Today Wikileaks released a massive new trove of leaks focused on the CIA's IT-based espionage capabilities. Wikileaks has named the document release Vault 7. The trove has just been released this morning, so details remain sketchy, however the included documents appear to contain detailed information related to dozens of malware tools used by the CIA's Center for Cyber Intelligence.

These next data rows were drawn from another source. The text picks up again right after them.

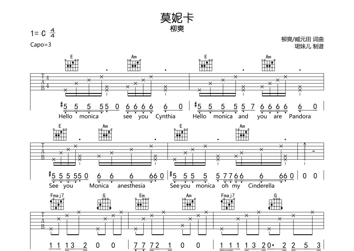 柳爽《莫妮卡》吉他谱 - C调弹唱六线谱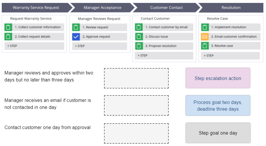 Customers submit high priority support requests to a company. If the customer service representative (CSR) validates that the request meets the severity 1 criteria, the case is routed to the worklist of a high priority CSR. If the CSR determines that the request does not meet the severity 1 criteria, the severity is downgraded and the case is routed to the general CSR workgroup.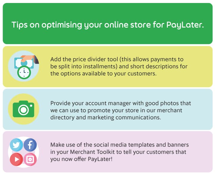 Own an ecommerce business or opening an online store to sell online? Here is how you can remove purchase barriers for your online business by providing customers with quick, secure and flexible ways to pay for their purchases in full, the next month or in 4 installments. Customers who do not own credit cards will love it!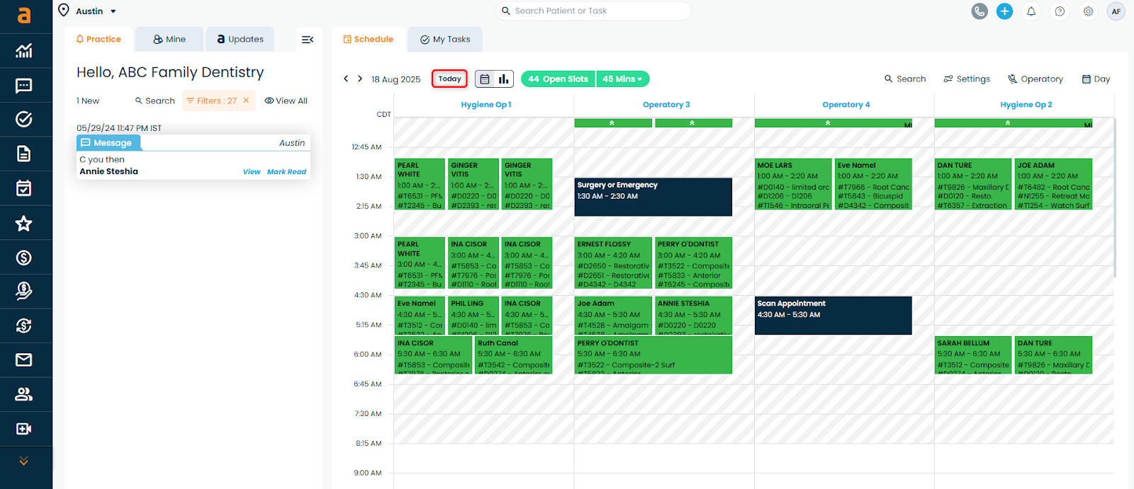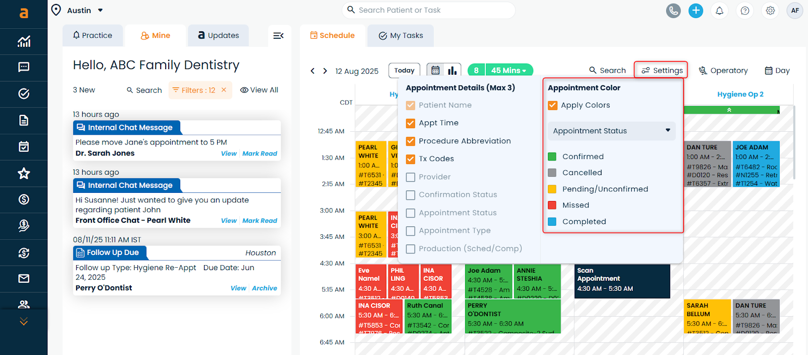 The new Scheduler on your Home Page gives you a real-time, integrated view of your practice’s appointments. You can create, view, and manage your appointments and blockouts all within Adit.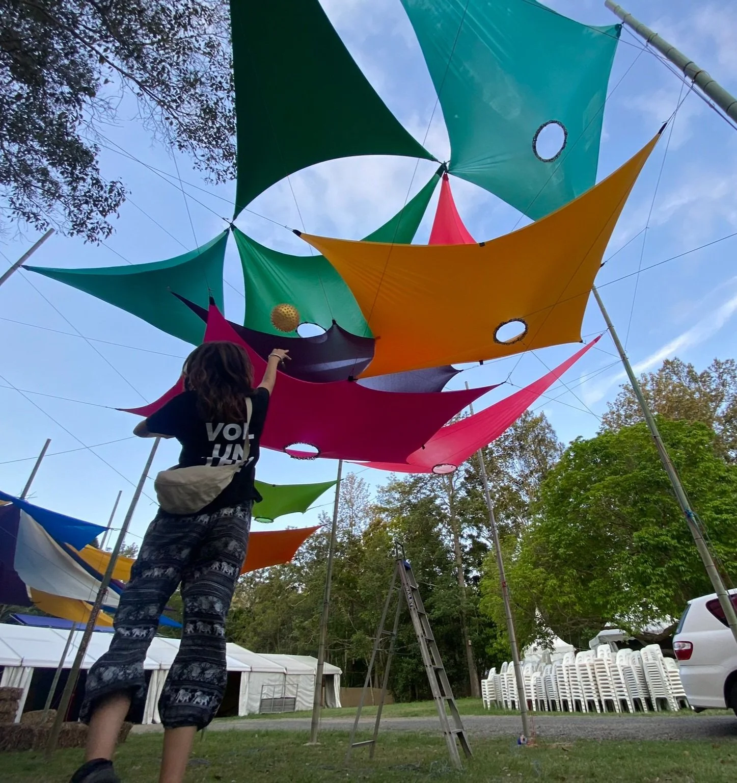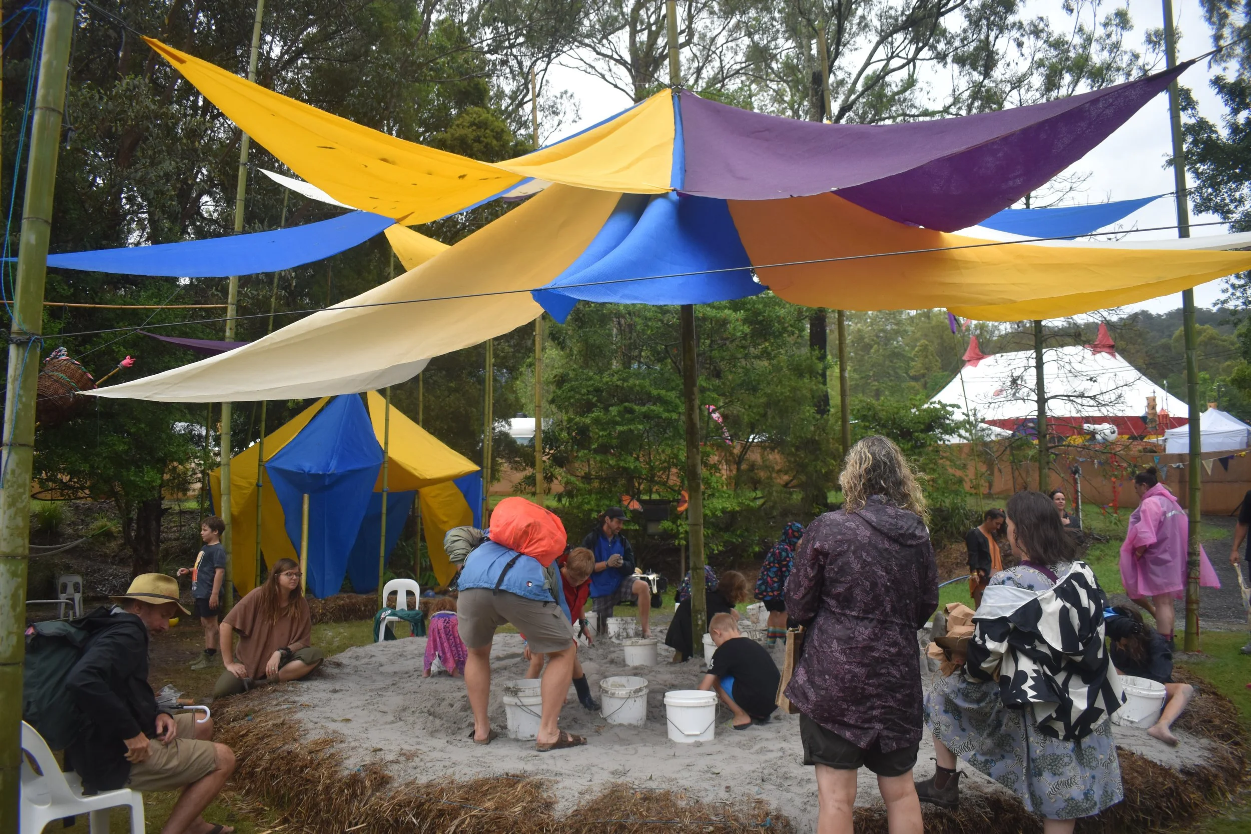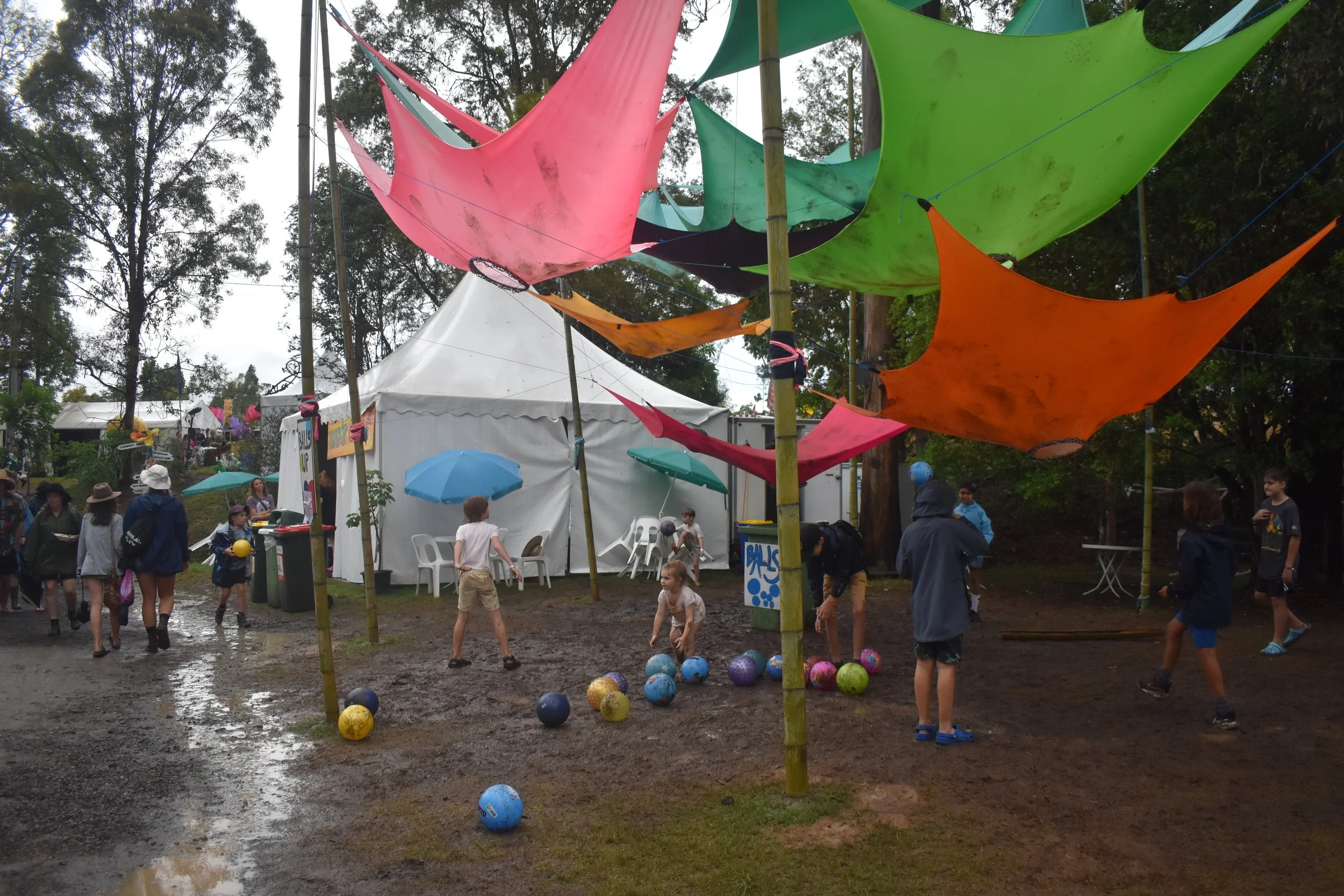 Cave Urban has looked to integrate shade structures with play for the creation of a large suspended installation at the Children's Festival. Balls Up is a playful reimagining of the Hoopla structure that has formed an integral part of previous children's festivals at Woodfordia. Constructed from recycled materials and bamboo, the suspended artwork will invite children to throw balls up into the brightly coloured shade structure overhead.

Earlier this morning I heard an NPR report claiming that Wikileaks was redacting the source code associated with these hacking tools. I'm not sure if that is correct; I've found a few files with executable scripts included, but none of the scripts I've found so far are essentially malicious (although they were almost certainly used in the development and packaging of malware). I have found indications that Wikileaks redacted exploit files that were ready for as-is distribution. For example, the files I reviewed in the dump appear to be part of an internal wiki. I reviewed a file list associated with one of the users registered for the wiki (https://wikileaks.org/ciav7p1/cms/page_14588675.html); clicking through the link for a file named '~02.2.3.tmp` - https://wikileaks.org/ciav7p1/cms/files/~02.2.3.tmp - provided me with this:
I have taken significant issue with Wikileaks in the past. My complaints have focused entirely on Wikileaks' unwillingness to remove dangerous (and almost certainly state-sponsored) malicious software from document dumps. The example I cited above is the first time I have ever seen any indication that Wikileaks removed malware from a dump. Unfortunately, this particular editorial decision is of substantially less value then the requests I repeatedly made to Wikileaks to inform their users of the presence of infected files within and older document dump that they continue to publish through the wikileaks.org website. The censored malware files in Vault7 were contextually and obviously labelled as malware. The malware I found in earlier Wikileaks dumps included infected document files that were in many cases completely indistinguishable from normal document files and in several cases not detectable for a substantial variety of antivirus platforms.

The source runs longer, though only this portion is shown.